Friday, November 16, 2012

Venting for a Solution


This Wednesday and Thursday the English teachers were in charge of judging English stories re-told by our students. This was on a volunteer basis. In typical Korean fashion, I found about this on Tuesday half-way through the day from a student. I asked about it after school was finished and my co-teacher (who is slowly transforming into some evil Disney queen) and gives me her automated message: "I don't think that's important for you." Here we go again.

Wednesday afternoon rolls around and set up begins in the classroom next to my office while itty-bitty Grade 3s are pacing rehearsing their stories around my office. Upon entering the classroom I'm given a "rubric" written in Hangul and a copy of each student's story. After skimming through most of the stories they are all folk tales which have been horribly translated into English and are entirely completely expositional. You betcha I got some examples:

"Not just lion, the lion was the most powerful and wise. He know that dogs and cats to counterbalance each other, he started to wonder how to reconcile them. . . Deepening friendship of dogs and cats, but the did not."

"I fly to Dream World. / "welcome, Dimpy" I meet new friends. / I go to the castle."

"Hello~ everyone, How are you today? / My name is ______ / I'm in the     4 grade. I'm a little nervous. Please listen my story well." (All of them memorize something like this, and yes they left the name line blank, and older grades failed to breeze through this.)
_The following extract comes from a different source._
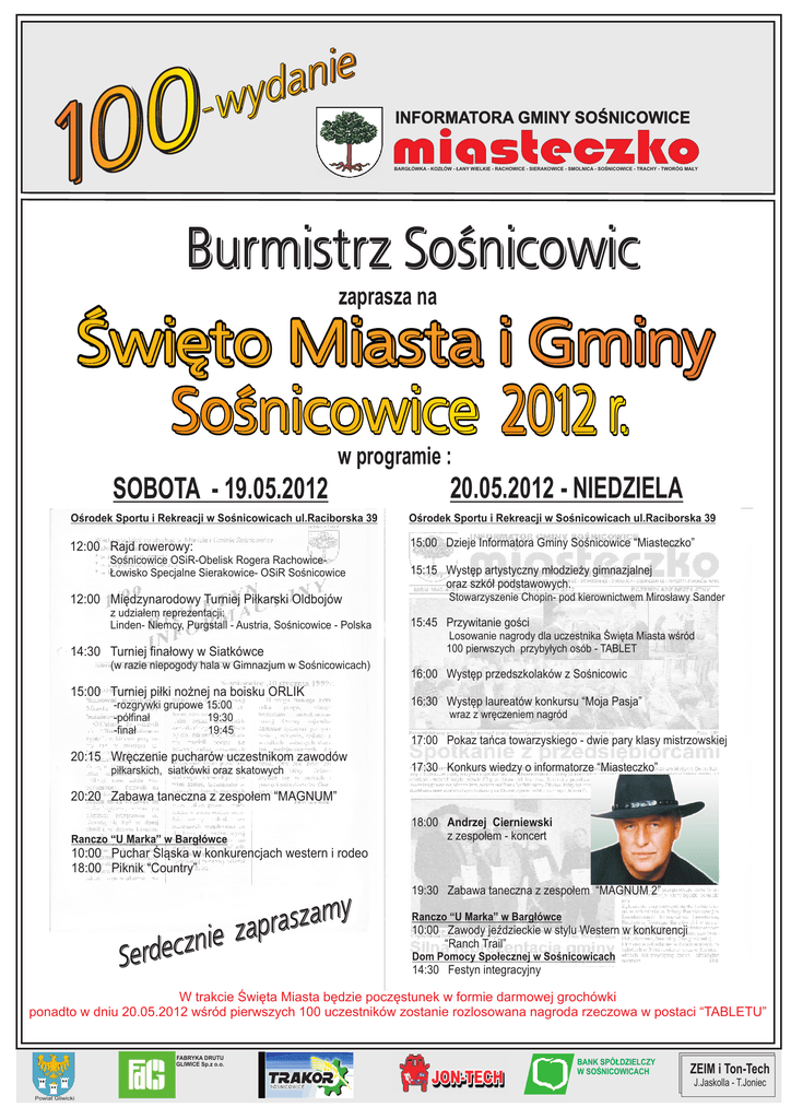 0 10 e i n a d y -w INFORMATORA GMINY SOŒNICOWICE miasteczko BARG£ÓWKA - KOZ£ÓW - £ANY WIELKIE - RACHOWICE - SIERAKOWICE - SMOLNICA - SOŒNICOWICE - TRACHY - TWORÓG MA£Y Burmistrz Soœnicowic zaprasza na Œwiêto Miasta i Gminy Soœnicowice 2012 r. w programie : SOBOTA - 19.05.2012 20.05.2012 - NIEDZIELA Oœrodek Sportu i Rekreacji w Soœnicowicach ul.Raciborska 39 Oœrodek Sportu i Rekreacji w Soœnicowicach ul.Raciborska 39 12:00 Rajd rowerowy: 15:00 Dzieje Informatora Gminy Soœnicowice “Miasteczko” Soœnicowice OSiR-Obelisk Rogera Rachowice£owisko Specjalne Sierakowice- OSiR Soœnicowice 12:00 Miêdzynarodowy Turniej Pi³karski Oldbojów z udzia³em reprezentacji: Linden- Niemcy, Purgstall - Austria, Soœnicowice - Polska 14:30 Turniej fina³owy w Siatkówce (w razie niepogody hala w Gimnazjum w Soœnicowicach) 15:00 Turniej pi³ki no¿nej na boisku ORLIK -rozgrywki grupowe 15:00 -pó³fina³ 19:30 -fina³ 19:45 20:15 Wrêczenie pucharów uczestnikom zawodów pi³karskich, siatkówki oraz skatowych 15:15 Wystêp artystyczny m³odzie¿y gimnazjalnej oraz szkó³ podstawowych. Stowarzyszenie Chopin- pod kierownictwem Miros³awy Sander 15:45 Przywitanie goœci Losowanie nagrody dla uczestnika Œwiêta Miasta wœród 100 pierwszych przyby³ych osób - TABLET 16:00 Wystêp przedszkolaków z Soœnicowic 16:30 Wystêp laureatów konkursu “Moja Pasja” wraz z wrêczeniem nagród 17:00 Pokaz tañca towarzyskiego - dwie pary klasy mistrzowskiej 17:30 Konkurs wiedzy o informatorze “Miasteczko” 20:20 Zabawa taneczna z zespo³em “MAGNUM” Ranczo “U Marka” w Barg³ówce 18:00 Andrzej Cierniewski z zespo³em - koncert 10:00 Puchar Œl¹ska w konkurencjach western i rodeo 18:00 Piknik “Country” y m a z s a r p a z e i n z c e Serd 19:30 Zabawa taneczna z zespo³em “MAGNUM 2” Ranczo “U Marka” w Barg³ówce 10:00 Zawody jeŸdzieckie w stylu Western w konkurencji “Ranch Trail” Dom Pomocy Spo³ecznej w Soœnicowicach 14:30 Festyn integracyjny W trakcie Œwiêta Miasta bêdzie poczêstunek w formie darmowej grochówki ponadto w dniu 20.05.2012 wœród pierwszych 100 uczestników zostanie rozlosowana nagroda rzeczowa w postaci “TABLETU” FABRYKA DRUTU GLIWICE Sp.z o.o. BANK SPÓ£DZIELCZY W SOŒNICOWICACH ZEIM i Ton-Tech J.Jaskolla - T.Joniec Powiat Gliwicki

"Oh, my~ A mouse chews my hat. / 'Don't chew my hat. Go away!'/ A mouse is gone. 'I'm sad.'"

Due to nerves there were far more enunciation and grammar mishaps than I bothered to count. That's a little unfair, the first group of students was actually really impressive but as the students got older the quality dipped quite drastically. But all except for 4 or 5 had this dreary "my parents made me do this, I hate my life" voice which was really depressing. After judging the first batch of kids, I have come to realize that this is a complete joke: One co-teacher has merely ranked the students with no additional notes and the other two gave each student letter grades for the three categories. I made up my own criteria as anyone would for the first set so obviously my rankings were much different from theirs.
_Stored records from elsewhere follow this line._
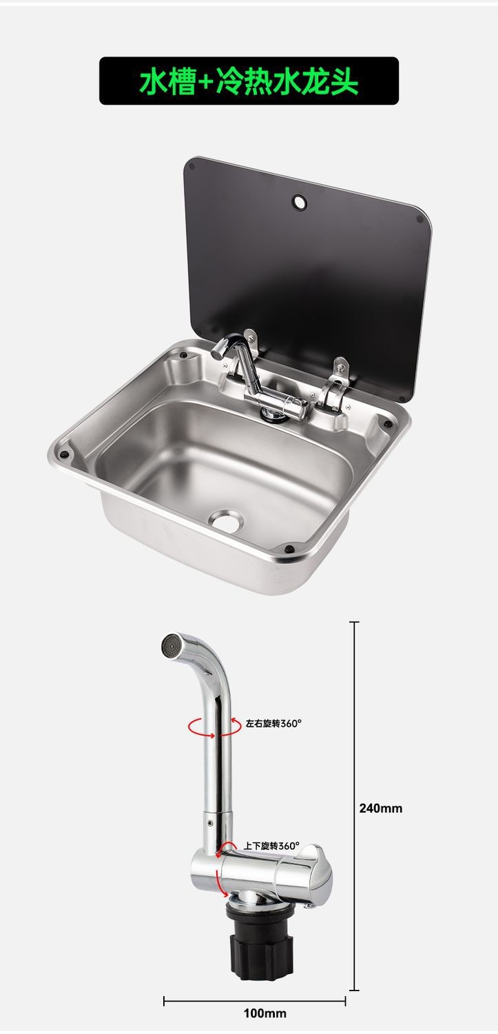 房车水槽带盖厨房洗手盆不锈钢水槽单槽洗菜盆方形折叠水盆车载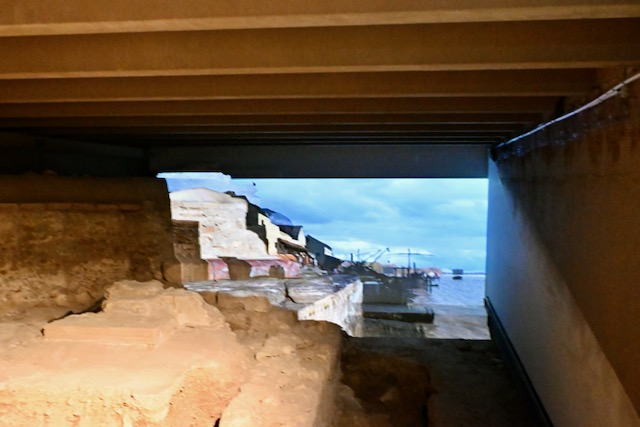 Die Ausstellung war wirklich gut und ziemlich leer. Die Ausgrabung zeigt Grundmauern der Römischen Siedlung Lutetia, der Hafenanlagen und die unvermeidliche Therme. Die Hafenanlagen waren mit einem Video ergänzt, wie es ausgesehen haben könnte. Es gibt einen Audioguide für das Fon und ich konnte mir eine Führung anhören.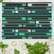 A midmod 1950s vintage style art design has simple geometric shapes of wide rectangles. multiple shades of teal, turquoise and aquamarine against a black background.

Judging these stories was beyond challenging for me. One student at a time came up with no notes and recited their story from memory. Then there were other kids who brought up visual aids, which gave them the story's plot line in a neatly wrapped package. I asked the Queen Bee if we mark them on visuals:
"It's up to you."
"Well do you?"
"Maybe, sometimes."
. . . Great. Then there was the issue of length and the amount of repetition. One child who brought in visuals that led her through a story about a star searching through a collection of shapes to find her missing piece repeated the same two lines, with minor adjustments, for less than a minute. The best ones stretched out to two minutes apiece, with expression and dramatic pause and no visuals. I'm only talking about the Grade 3's too, which were, by far, the best group as a whole: three of the seven students scored above 90%.

The Grade 4s, 5s, and 6s all shit the bed barring one or two exceptions. Maybe it’s because they have more homework and less free time. However, another factor was translating the rubric's criteria, courtesy of Google translator, so I could be on the same page as my CTs. Too bad all of the discussions post-story telling was in Korean. They asked me for my top 5 and then that was it. I could have slept, I could have rearranged all the desks, I could have farted as loud as humanly possible; they still wouldn't turn a head.

Four or five kids forgot their story which resulted in an incomplete mark. One really irked me though, this student who is one of the brightest ones I have the privilege of teaching told a story about Gandhi (I don’t think I even knew who Gandhi was in Grade 6) with a number of pauses and prompts but made it to the second last sentence. He was standing their silent hemming and hawing for what felt like an hour, until he resigned in Korean. I scored him as if he did not quit and he had the second highest score, tragic, instead a student with a story about arguably nothing placed third. C'est la vie.

Now after venting let's thread a silver lining through these dreary two days: If I am given the opportunity to return to my school I will organize and lead this story-telling contest to not only challenge students and their abilities while insuring fairness, but develop sound  marking schemes and expectations for each grade level. Expectations are necessary because there were students in Grade 5 using the same story as a Grade 3. For all I know they could have done this the past 2 years too. Sorry, back to happy/optimistic thoughts. I'm EXCITED to challenge myself here, who knows this might benefit me back home (job-permitting). I really like the concept of this event and it has so much potential to be AMAZING. There are a lot of Korean folk tales and a lot of them are in my library, most involve animals pranking one another. Hopefully, with some dramatic coaching these stories can be brought to life in the upcoming year, presuming I stay here.